In the tree-shaded backyard of a corrugated iron shack in the district
of Bera, five hours north-west of Dhaka, stands a prototype for a
solution to the arsenic problem: a hulking cylindrical concrete water
butt collecting rainwater by a pipe from the shack's gutters.
Bangladesh's monsoon provides massive amounts of rain which has not
traditionally been harvested for drinking. Slowly, in pilot programmes
such as this, the long overdue effort is beginning.
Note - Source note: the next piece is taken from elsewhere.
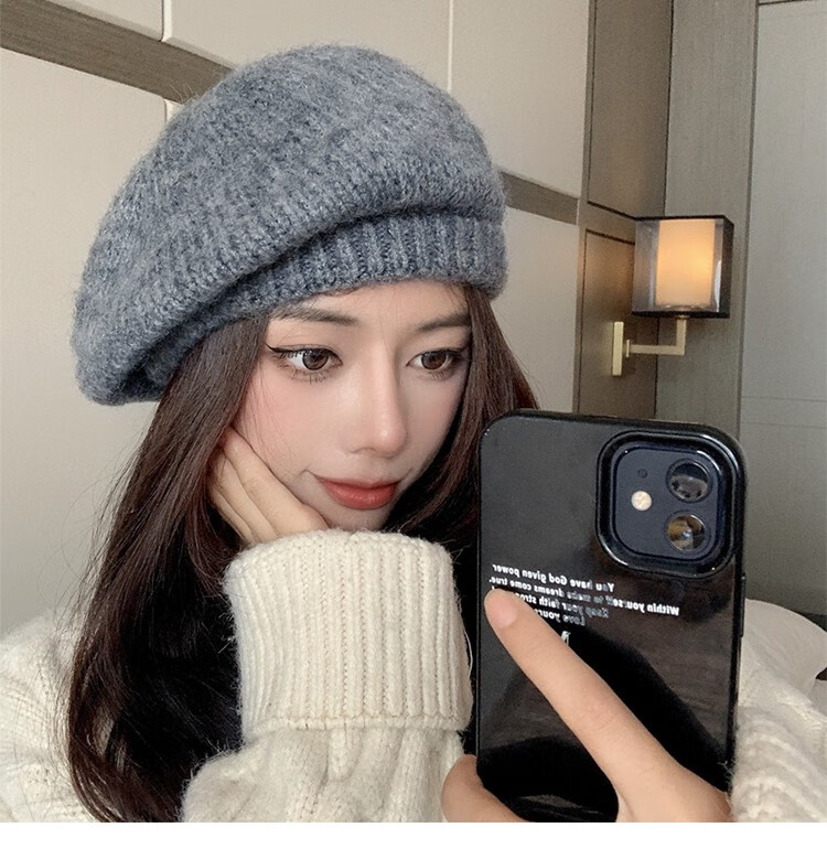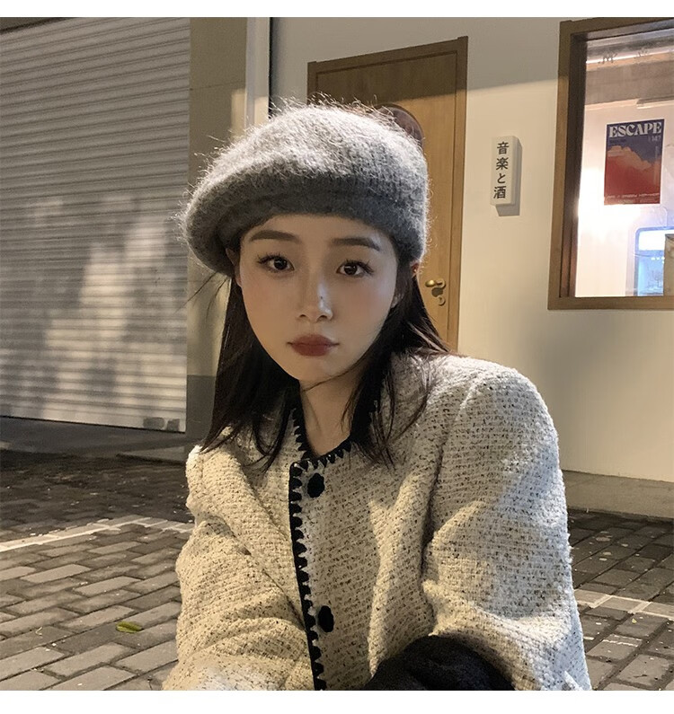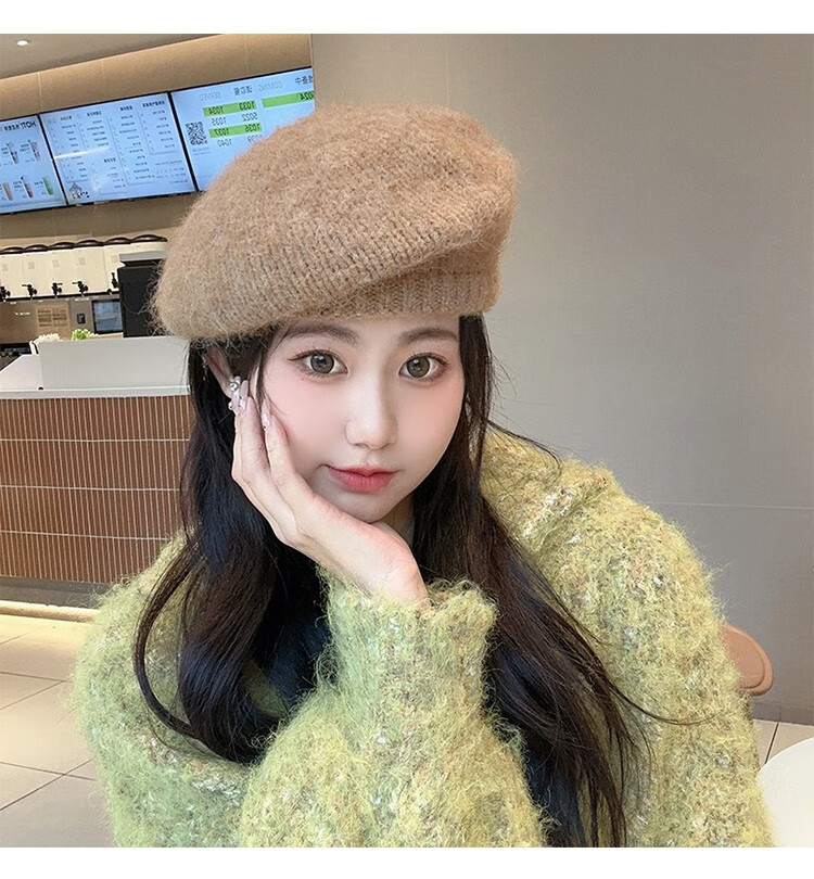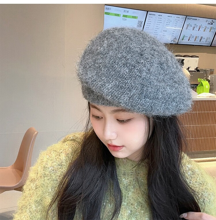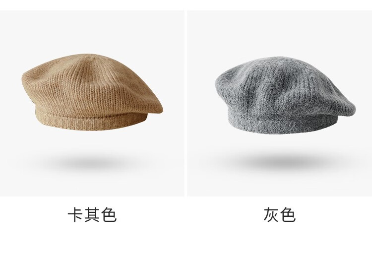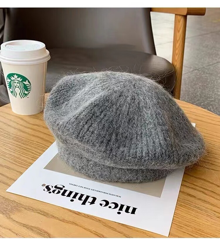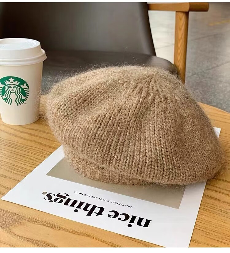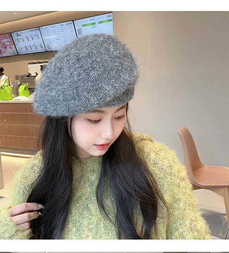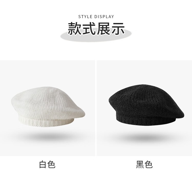 啕二啕 white beret women's plush hat winter women's fashion new warm mohair knitted woolen hat painter hat black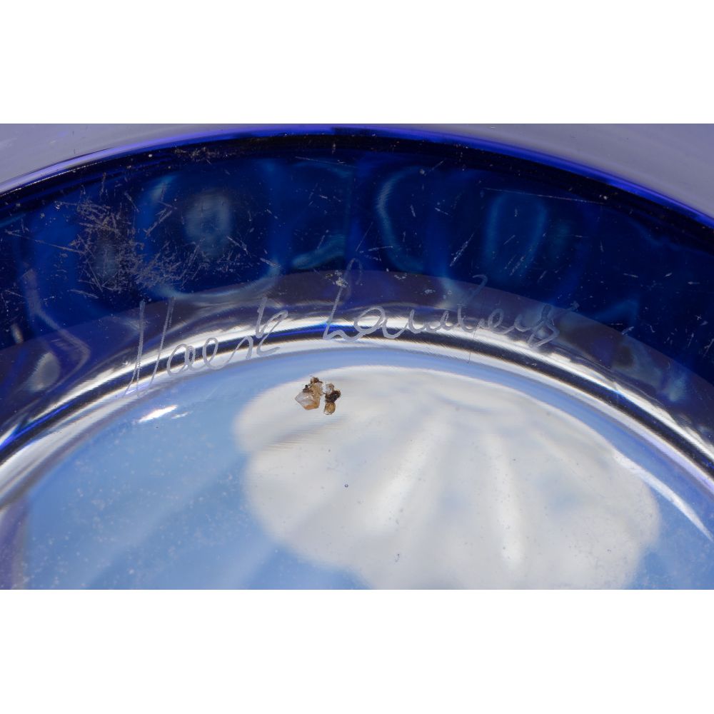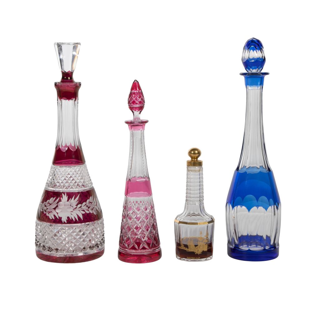 (4) items including the Baccarat (retaining some contents) having gilt shoulder, rim and stopper, etch marked underside, a blue cut-to-clear having indistinct engraved signature underside and (2) unmarked red cut-to-clear, all having stoppers

Other possible solutions being tried out include a simple filter using
three ceramic pots suspended above each other, and a pump set up by a
pond or river in which the pumped-up ground water is filtered before
emerging through a tap.
But not one of the solutions being implemented experimentally is half
as convenient as the tube wells it is designed to replace. The
government says there are four million tube wells in the country; the
World Bank says there are "at least twice that number". They are easy
to sink in this delta country's soft alluvial soil, and for tens of
millions of peasants the wells have revolutionised access to water.
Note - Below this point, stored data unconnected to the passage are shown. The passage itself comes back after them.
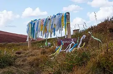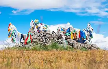Обо в Кош-Агачском районе, ленточки привязаны прямо к камням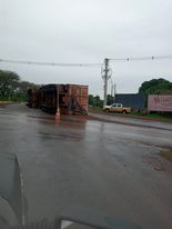Carreta tomba no trevo principal da BR 285 em São Luiz Gonzaga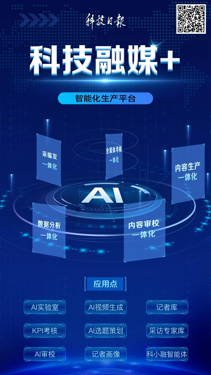 “科技融媒+”智能化生产平台以“智”“融”“用”三级架构为支撑,利用人工智能、大数据等先进技术驱动媒体转型,重构了报社媒体融合发展的技术底座,推动报社媒体系统性变革。将AI技术应用在新闻采集、生产、分发、接收、反馈中,打通媒体业务系统的融通,实现内容生产传播的“一体化”和“智能化”。“科技融媒+”AI选题策划推荐已成为报社每日选题策划会上特有的AI报题环节;AI智能审校已深度融入了报社三审三校流程,为内容质量保驾护航;AI文生图生成的图片已在科技日报上应用。同时自研的KPI考核、科小融智能体、采访专家库等多个应用均已成为报社生产的重要支撑。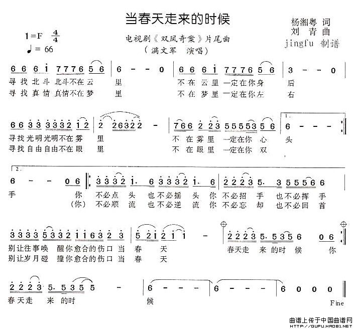 关于《当春天走来的时候》曲谱的评论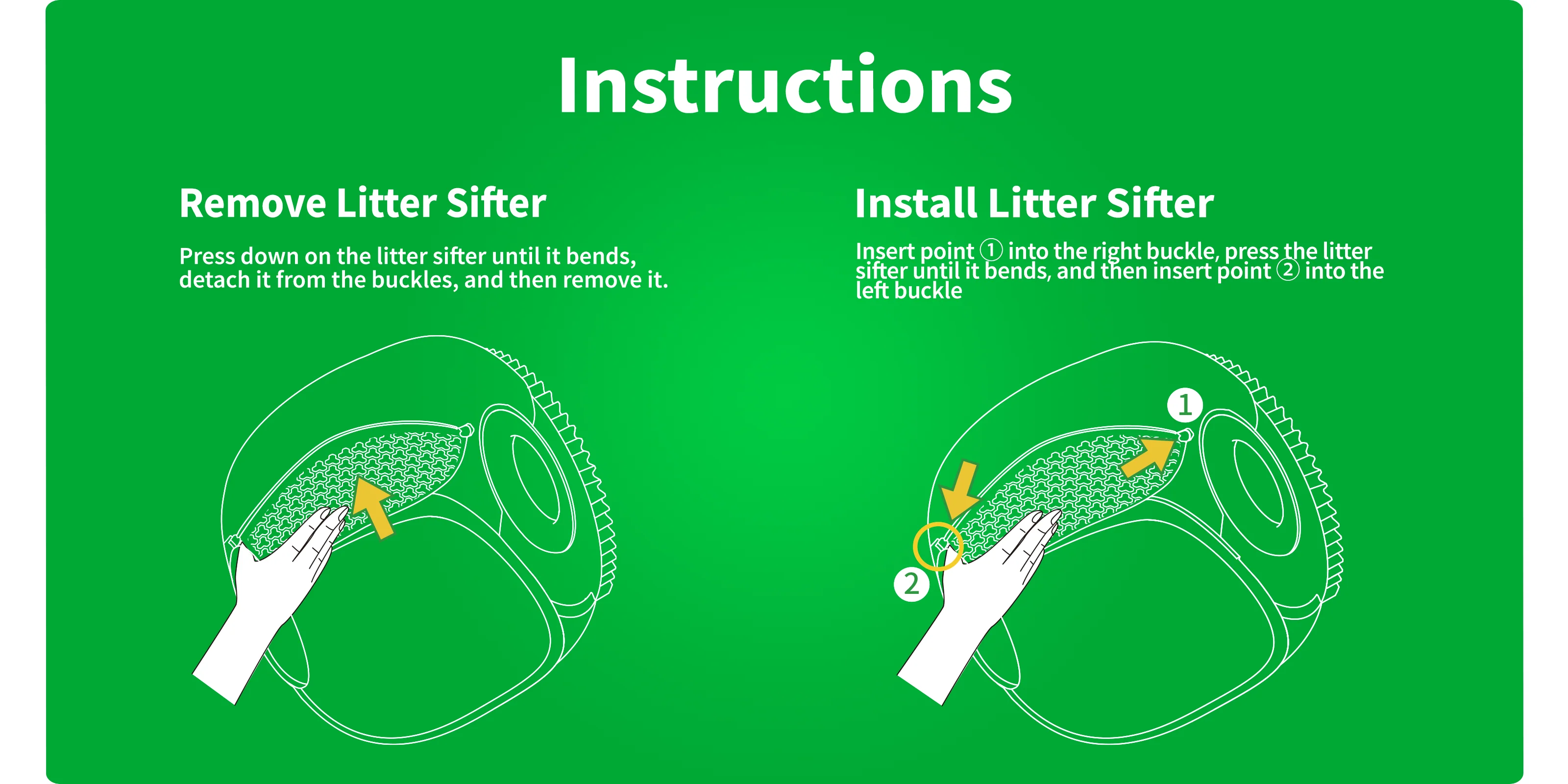 Made of durable and safe material, both the litter remover and litter sifter are washable, making them easy to clean and maintain.

Many households have several, as a Western house has taps in several
different rooms. More are being sunk all the time - despite the
looming disaster, the government has yet to declare a moratorium on
new ones. Three-quarters of those in existence have been sunk by
private enterprise. So popular have they become that a tube well is a
common item in a bride's dowry.
The Bangladeshi government's task is now to stage a counter-revolution
- to wean the people away from the most convenient innovation they
have ever encountered. It is a disagreeable challenge, and the
government has yet to show any appetite for it.
But unless they rise to the challenge soon, a disaster to dwarf
Bangladeshi disasters past will become unavoidable.